Description
What happened?
When the NVIDIA GPU operator is installed on a cluster, the container toolkit component modifies the containerd config to target the NVIDIA runtime.
If Kubespray is then run with a GPU host in the play, e.g. for an upgrade, then the containerd config is overwritten and the NVIDIA runtime definitions are removed. This results in pods failing to schedule on the GPU nodes.
What did you expect to happen?
This is what I expected to happen, but it is not desirable behaviour IMHO.
How can we reproduce it (as minimally and precisely as possible)?

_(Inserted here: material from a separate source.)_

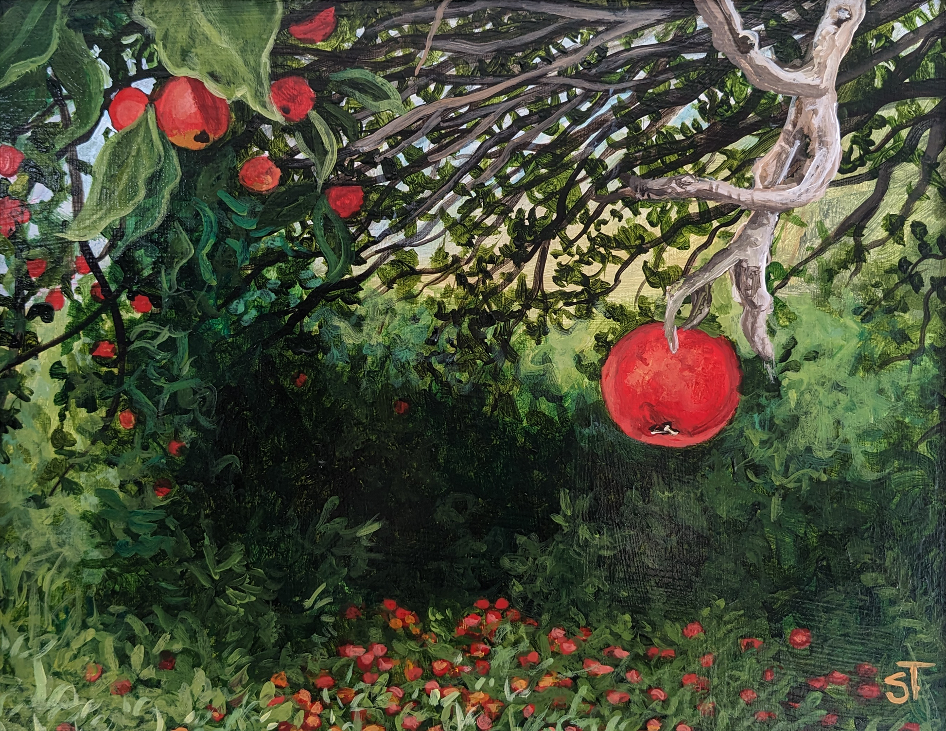 Celebrate the bounty of Maine's orchards with our vibrant acrylic painting print featuring a wild apple tree laden with bright red apples. This stunning artwork captures the essence of autumn's abundance, showcasing the tree's gnarled branches and the vivid contrast of ripe fruit against lush green leaves. Perfect for adding a touch of seasonal charm to any space, from kitchen walls to cozy dining areas, this print invites a sense of rustic beauty and harvest spirit. Embrace the richness of Maine's landscapes with this captivating piece that brings the essence of an orchard in full bloom right into your home decor.

Deploy a Kubespray cluster with GPU nodes, install the NVIDIA GPU operator and then run Kubespray again.
OS
Ubuntu 22
Version of Ansible
ansible [core 2.16.14]
config file = /Users/mattp/Projects/nks-region/k8s-infra-ndg-region/ansible.cfg
configured module search path = ['/Users/mattp/.ansible/plugins/modules', '/usr/share/ansible/plugins/modules']
ansible python module location = /Users/mattp/.pyenv/versions/3.12.9/envs/kubespray-test/lib/python3.12/site-packages/ansible
ansible collection location = /Users/mattp/Projects/nks-region/k8s-infra-ndg-region/.ansible/collections
executable location = /Users/mattp/.pyenv/versions/kubespray-test/bin/ansible
python version = 3.12.9 (main, Apr 10 2025, 11:21:50) [Clang 17.0.0 (clang-1700.0.13.3)] (/Users/mattp/.pyenv/versions/3.12.9/envs/kubespray-test/bin/python)
jinja version = 3.1.6
libyaml = True
Version of Python
Python 3.12.9
Version of Kubespray (commit)
v2.28.0
Network plugin used
cilium
Full inventory with variables
N/A
Command used to invoke ansible
ansible-playbook kubernetes_sigs.kubespray.cluster
Output of ansible run
N/A
Anything else we need to know
No response